Financial infrastructure is unforgiving. Unlike many software domains where you can iterate quickly and fix problems as they emerge, financial systems need to be correct from the start. A bug in a payment processing system does not result in a bad user experience — it results in real money being lost or duplicated, regulatory consequences, and potentially irreversible damage to customer trust. This makes architecture decisions in fintech more consequential than in almost any other software domain.

Event Sourcing and Immutable Ledgers

One of the most important architectural decisions in financial system design is how to model state. Traditional CRUD-style databases, where records are updated in place when state changes, are inadequate for financial systems. When a payment fails and needs to be investigated, you need a complete audit trail of every state transition, every decision that was made, and every system that was involved. A database that only shows the current state cannot provide this.

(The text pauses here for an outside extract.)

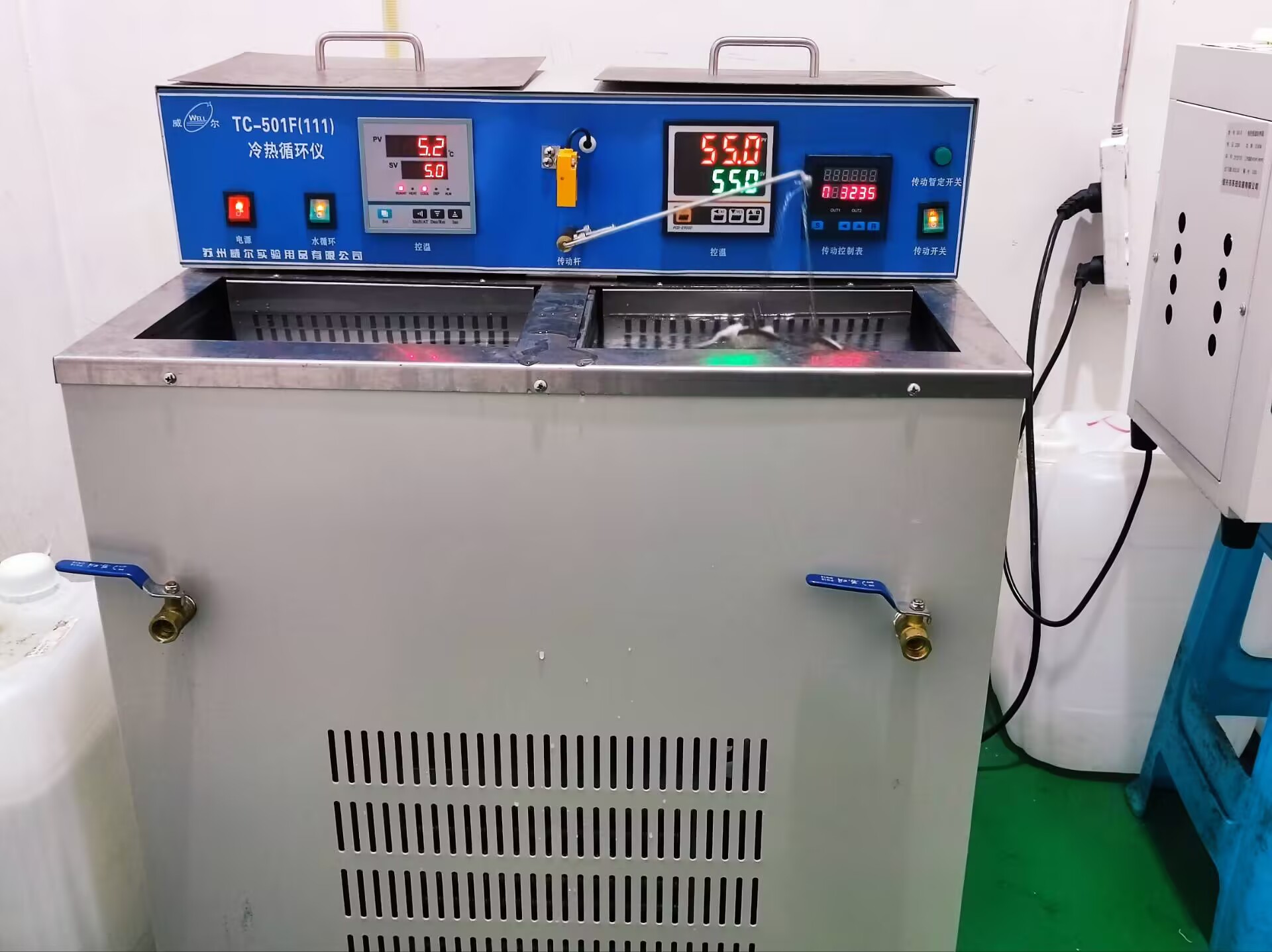 Each group of samples was subjected to 10,000 thermal cycles in a high and low-temperature exchanger (TC-501FIII, Suzhou Will Experimental Supplies Co., Ltd, Suzhou, China) in a distilled water bath at 5 °C and 55 °C. The process involved immersing the samples in the low-temperature bath for 30 s, lifting them to the liquid surface, and subsequently immersing them in the high-temperature bath, with an interval of 15 s. The samples were then left in the high-temperature bath for an additional 30 s before being lifted again, completing one cycle. The rotation arm of the device facilitated the exchange of samples between baths and immersion in the water.

Event sourcing is the architectural pattern that solves this problem. In an event-sourced system, the source of truth is a log of all events that have occurred, and the current state of any entity is computed by replaying those events. This gives you a complete, immutable audit trail by design, the ability to reconstruct the state of any entity at any point in time, and the ability to add new projections or views of the data without changing the underlying event log.

Idempotency at Every Layer

Distributed payment systems fail in complex ways. Network partitions, timeouts, and partial failures can leave the system in a state where it is unclear whether a payment was processed or not. Without proper idempotency design, retrying these failed operations can result in duplicate payments — one of the most damaging failure modes in financial systems.

Proper idempotency requires assigning unique identifiers to every payment operation and using those identifiers to detect and prevent duplicates at every layer of the stack. This sounds straightforward but requires careful design: the same payment operation might enter the system through multiple channels (direct API call, webhook retry, message queue redelivery), and the idempotency mechanism needs to handle all of these cases consistently.

Database Design for Financial Accuracy

Financial calculations require exact arithmetic, not floating-point approximations. This has implications for how monetary values should be stored and manipulated in software. Floating-point types (float, double) should never be used for monetary calculations — they can produce small rounding errors that accumulate over many operations and eventually result in discrepancies in financial reporting.

The correct approach is to store monetary values as integers representing the smallest currency unit (cents for USD, pence for GBP, etc.) and perform all arithmetic on integers. When displaying values to users, convert from the integer representation to the decimal representation at the display layer. This approach ensures perfect arithmetic accuracy and avoids the subtle bugs that floating-point monetary calculations introduce.

API Design for Financial Services

Financial API design has its own conventions that differ from general API design best practices. Request-response APIs are insufficient for financial operations where the outcome of a request may not be known immediately — you need patterns that support asynchronous operations, polling, and webhooks for status updates. Every financial API operation should return a unique transaction identifier that can be used to query the status of the operation at any point in the future.

Error handling in financial APIs requires careful design. Not all errors are equal: a "payment declined" response is a successful API call that happened to result in a business-level failure, while a "service unavailable" response indicates a technical failure that may or may not have resulted in the payment being processed. The distinction matters enormously — a caller that retries a "service unavailable" without idempotency risks creating a duplicate payment, while a caller that does not retry a "service unavailable" risks missing a payment that was never processed.

Testing Financial Systems

Testing financial systems requires a more rigorous approach than testing most software. Unit tests and integration tests are necessary but not sufficient — you also need property-based tests that verify invariants like "the sum of all debit transactions equals the sum of all credit transactions," simulation testing that generates high volumes of realistic transactions to find edge cases, and chaos engineering that intentionally injects failures to verify that your idempotency and error recovery mechanisms work correctly under real failure conditions.

The investment in comprehensive testing infrastructure pays dividends in the form of fewer production incidents and faster feature development. Engineers who work in well-tested financial systems can make changes with confidence, knowing that the test suite will catch regressions before they reach production. This virtuous cycle — better testing enabling faster development — is one of the key differentiators between fintech companies that scale successfully and those that bog down in production firefighting.